Wife has worked full-time only because Husband has willfully neglected to pay his alimony. Wife makes tri-yearly visits for follow-up care for Hodgkin’s Disease. She has had four surgeries for continuing foot deformities caused by Charcot-Marie-Tooth Disease, also known as Perineal Muscular Atrophy and Hereditary Motor and Sensory Neuropathy. During the past year, Wife needed four additional podiatric surgeries.

Husband took on an additional financial obligation when he was married in New Jersey on January 19, 1991, and, thus, worsened his financial situation.
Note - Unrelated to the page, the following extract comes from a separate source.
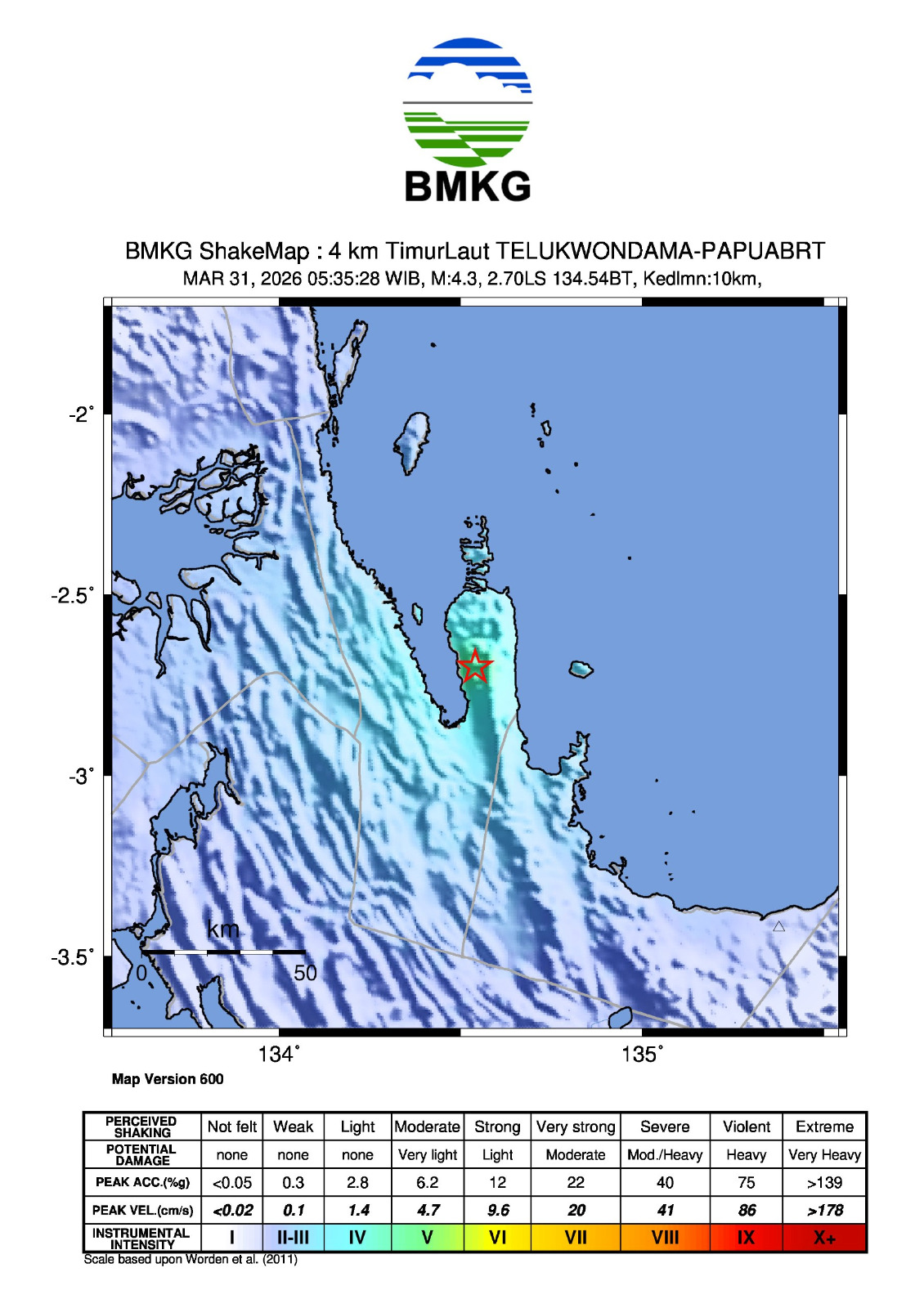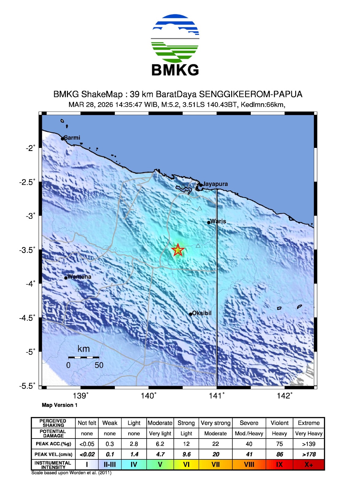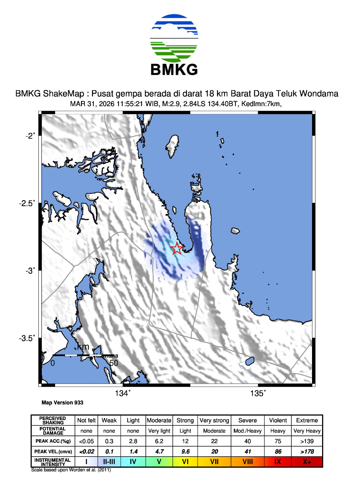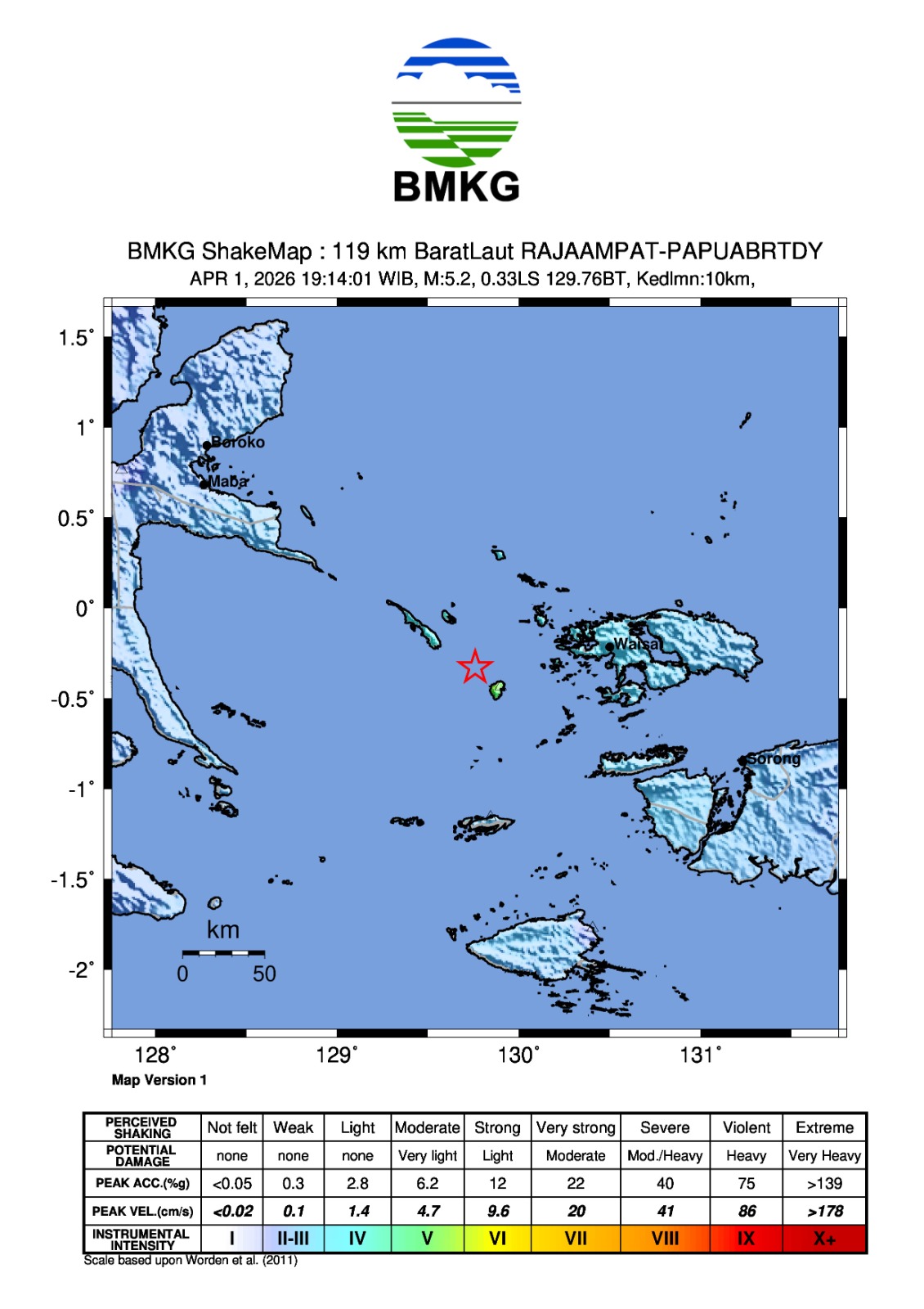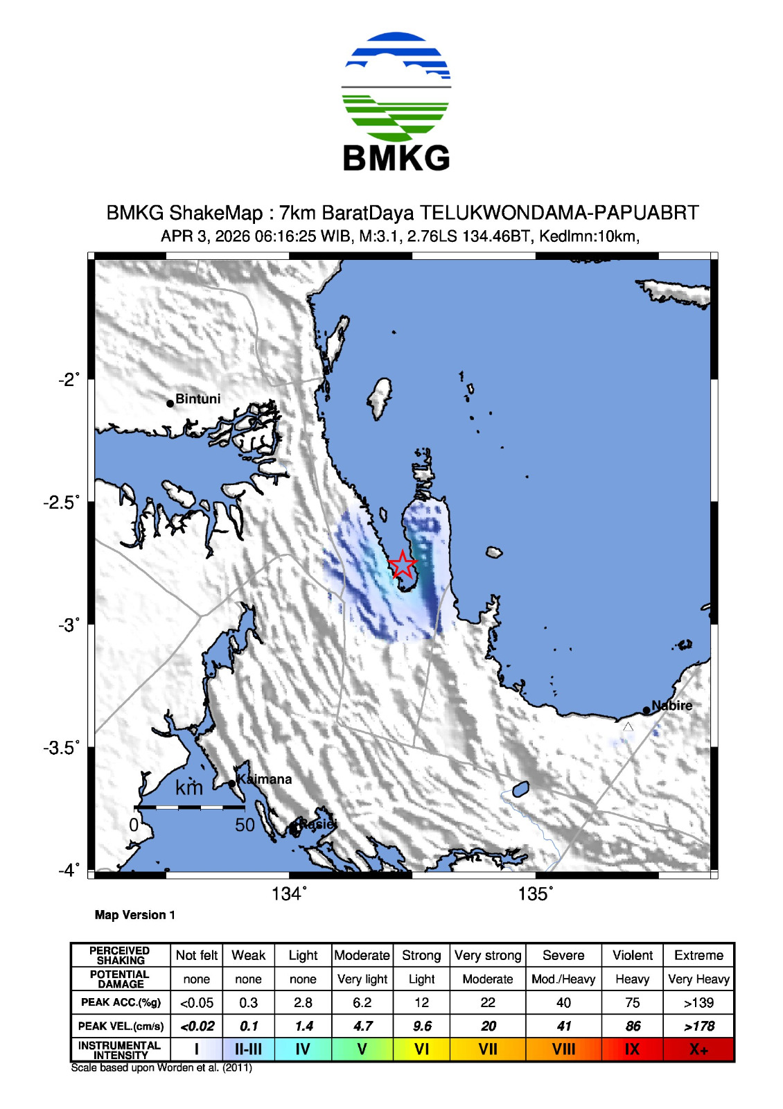 Berdasarkan informasi dari masyarakat. Gempa bumi ini dirasakan oleh masyarakat di daerah Kebar, Manokwari-Papua Barat dengan skala intensitas II-III MMI ( Getaran dirasakan nyata dalam rumah. Terasa getaran seakan akan truk berlalu )*.

It is clear that Husband has suffered a substantial change in circumstances which would normally mandate an adjustment in his monetary obligations due Wife. See Reep v. Reep, 565 So.2d 814 (Fla. 3d DCA 1990). However, it is also clear that the trial judge was concerned about Husband’s lack of any appreciable effort to satisfy any of his obligations even when he had at least some ability to do so. Husband’s conduct has been far less than exemplary in that regard and Wife’s medical problems and her needs continue unabated. Because of her precarious financial circumstances due to Husband’s refusal to attempt to comply with the previous support orders of the court, Wife has found it necessary to represent herself in this appeal and before the trial court. While the trial judge did not verbalize the doctrine of “clean hands” in his disposition of Husband’s petition to modify, it is clear to us that he was in fact applying that doctrine in denying Husband the relief he sought. Under the circumstances of this case, we cannot say that denial was an abuse of discretion. Williamson v. Williamson, 367 So.2d 1016, 1019 (Fla.1979); DePoorter v. DePoorter, 509 So.2d 1141, 1145 (Fla. 1st DCA 1987).

Affirmed without prejudice to Husband’s right to seek further relief when he has satisfied the “clean hands” problem.

RYDER, A.C.J., and FRANK, J., concur.